Что скажу я, когда Ангел смерти войдёт не спеша?
«Посмотри, – я скажу, – посмотри, как прекрасна сирень.
Нежный запах, бегущий за ней, как за облаком тень,
Благодатью наполнил июнь – то сирени душа».
«Посмотри, – я скажу, – посмотри, как сирень хороша.
Ты такую не видел нигде, даже в райских садах».
Хорошо, что сейчас, вот сейчас оторвётся от тела душа,
И увядшей сирени не увижу уже никогда.

Вдова Сергея Константиновича, Евгения Ивановна, благословила опубликовать его труды в «Вере». Написанное им да не увянет.


Сергей ПОЛИКАРПОВ

Пастухи

Когда на Питер наплывают непроглядные сизые тучи и мелкий надоедливый дождь наполняет город, так приятно сидеть у окна в тёплой комнате с чашечкой кофе на подоконнике! Так радостно знать, что ни дождь, ни холодный осенний ветер не смогут нарушить твоего уюта. Именно в такие минуты из глубины памяти всплывают события давно прошедшего времени и становится невыносимо стыдно.
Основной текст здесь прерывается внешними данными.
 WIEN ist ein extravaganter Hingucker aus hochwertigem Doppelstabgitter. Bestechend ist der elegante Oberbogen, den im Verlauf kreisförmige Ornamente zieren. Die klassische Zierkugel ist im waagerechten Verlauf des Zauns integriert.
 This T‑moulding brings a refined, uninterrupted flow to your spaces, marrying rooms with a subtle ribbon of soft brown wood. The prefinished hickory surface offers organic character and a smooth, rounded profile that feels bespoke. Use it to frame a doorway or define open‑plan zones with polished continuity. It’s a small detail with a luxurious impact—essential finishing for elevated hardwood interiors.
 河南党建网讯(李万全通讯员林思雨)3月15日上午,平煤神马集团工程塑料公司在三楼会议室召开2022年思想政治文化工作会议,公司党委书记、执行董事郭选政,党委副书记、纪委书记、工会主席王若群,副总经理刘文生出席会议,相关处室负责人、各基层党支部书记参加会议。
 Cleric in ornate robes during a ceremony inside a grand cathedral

Перед кем? За что? Но хочется выбежать под дождь и остаться там навсегда.

Это был последний съёмочный вылет сезона. Здесь, на севере Камчатки, сентябрь – уже почти зима, и погоды ждали долго. Она и сегодня была нелётная, но к полудню метео дало прогноз на улучшение, и я подписал заявку, понимая, что, скорее всего, вылет будет даром – низкая облачность не позволит работать. Мы быстро запрыгнули в вертолёт и взлетели.

Полёт продолжался уже минут сорок, когда в наушниках СПУ[1] раздался знакомый щелчок и командир прохрипел:

– Шеф, нас снимают на санзадание.

Я обрадовался: уже было видно, что впереди на участке погоды нет.
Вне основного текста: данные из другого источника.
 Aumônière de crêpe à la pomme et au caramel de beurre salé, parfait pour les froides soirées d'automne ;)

– За чей счёт? – спросил я.

– Совхоз платит от начала работы.

– Идёт, – согласился я. – А что там у них случилось?

– Табун потеряли вместе с пастухами.

– И где мы их искать будем?

– В стойбище знают… А я знаю, где стойбище.

Вертолёт заложил крутой вираж и, поднявшись метров на двести, под самые облака, плавно пошёл на север. Я выключил аппаратуру и, отстегнув ремни, устроился в кресле дремать. Очнулся, когда вертолёт затрясло перед посадкой. Мы подсели в стойбище оленесовхоза, уточнили предполагаемый маршрут табуна и взлетели на поиск.

Была середина дня, но казалось, что уже вечер, и от этого становилось немного боязно: а вдруг не успеем вернуться до темноты? Мы летели, удаляясь от базы почти строго на север по долине реки, усыпанной множеством озёр-стариц самой причудливой формы.

Озёра, чёрные, словно бездонные, проплывали под нами бесконечной чередой. Вертолёт плавно покачивало, и казалось, что он подвешен к плотным лиловым тучам на невидимой нити и летит с ними неведомо куда. Высота была совсем небольшая, но облака прижимали нас всё ниже и ниже. Иногда мы зацепляли их нижнюю кромку, стёкла мутнели от потоков воды, и тогда сквозь монотонный гул мотора становилось слышно, как бешено колотятся беспомощные дворники. В кабине было тепло и уютно. Экипаж молчал, словно все уснули. С момента взлёта прошло около двух часов.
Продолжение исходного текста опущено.